Duties and responsibilities of the Remuneration Committee

The Remuneration Committee performs the following duties:

  • The submission of a proposal to the Supervisory Board concerning the remuneration policy to be pursued for the members of the Board of Management. The policy is submitted to the General Meeting of Shareholders for approval.
  • The submission of a proposal to the Supervisory Board concerning the remuneration of individual members of the Board of Management (in accordance with the remuneration policy adopted by the General Meeting of Shareholders).
  • The preparation of the remuneration report on the remuneration policy pursued, subject to adoption by the Supervisory Board.

Activities during 2011

The Remuneration Committee met twice during 2011. The committee also held regular consultations outside these meetings.

On 21 January 2011 the Extraordinary General Meeting of Shareholders adopted the Supervisory Board’s proposal to revise the remuneration policy for the Board of Management.

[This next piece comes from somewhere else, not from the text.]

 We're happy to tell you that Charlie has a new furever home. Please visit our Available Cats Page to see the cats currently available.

This proposal was based on a recommendation drawn up by the Remuneration Committee to simplify the method used to calculate the quantitative measures of the variable short-term and long-term elements.

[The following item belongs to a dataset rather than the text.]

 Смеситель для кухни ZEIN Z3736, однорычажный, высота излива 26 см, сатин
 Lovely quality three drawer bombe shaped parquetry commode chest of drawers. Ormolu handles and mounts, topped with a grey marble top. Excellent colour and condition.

Amongst other activities the Remuneration Committee:
  • kept itself up to date with the latest developments in Corporate Governance, both in the Netherlands and internationally;
  • started a remuneration survey relating to Supervisory Board remuneration policies in the Dutch market;
  • conducted scenario analyses.

Remuneration policy for the Board of Management

The remuneration policy for the Board of Management was adopted by the Extraordinary General Meeting of Shareholders on 21 January 2011. The remuneration policy is appropriate to the strategy and core values of Boskalis, which are centered on long-term orientation and continuity, and take into account the interests of Boskalis’ shareholders, clients, employees as well as the ‘wider environment’. In the course of 2011 the remuneration policy was executed in accordance with the remuneration policy as adopted by the General Meeting of Shareholders. The full text of the revised remuneration policy as well as the remuneration report can be found on the website (www.boskalis.com).

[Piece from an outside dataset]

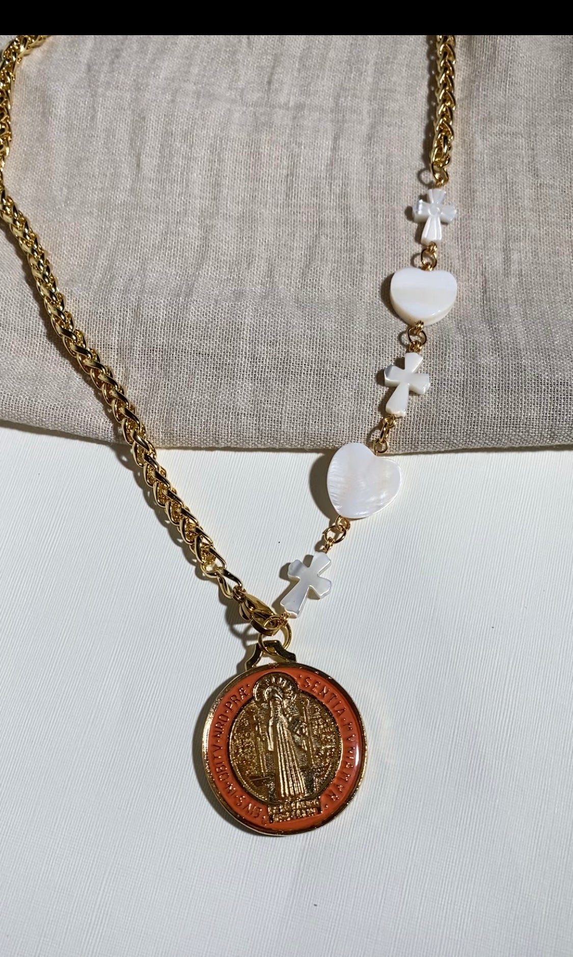 Este elegante collar entorchado combina simbolismo y estilo en una pieza única. Con un diseño de delicadas cruces y corazones entrelazados, destaca en el centro la poderosa medalla de San Benito, símbolo de protección y fe. Su vibrante tono naranja aporta calidez y energía, mientras que el baño de oro de 24 quilates le da un acabado sofisticado y duradero. Ideal para llevar contigo una conexión espiritual con un toque moderno y refinado

Remuneration policy for the Supervisory Board

The remuneration policy for the Supervisory Board was adopted by the General Meeting of Shareholders in 2007. During 2011 the remuneration policy was executed in accordance with the remuneration policy as adopted. In 2011, a remuneration survey was started into the remuneration of Supervisory Board members. The results will be submitted to the General Meeting of Shareholders.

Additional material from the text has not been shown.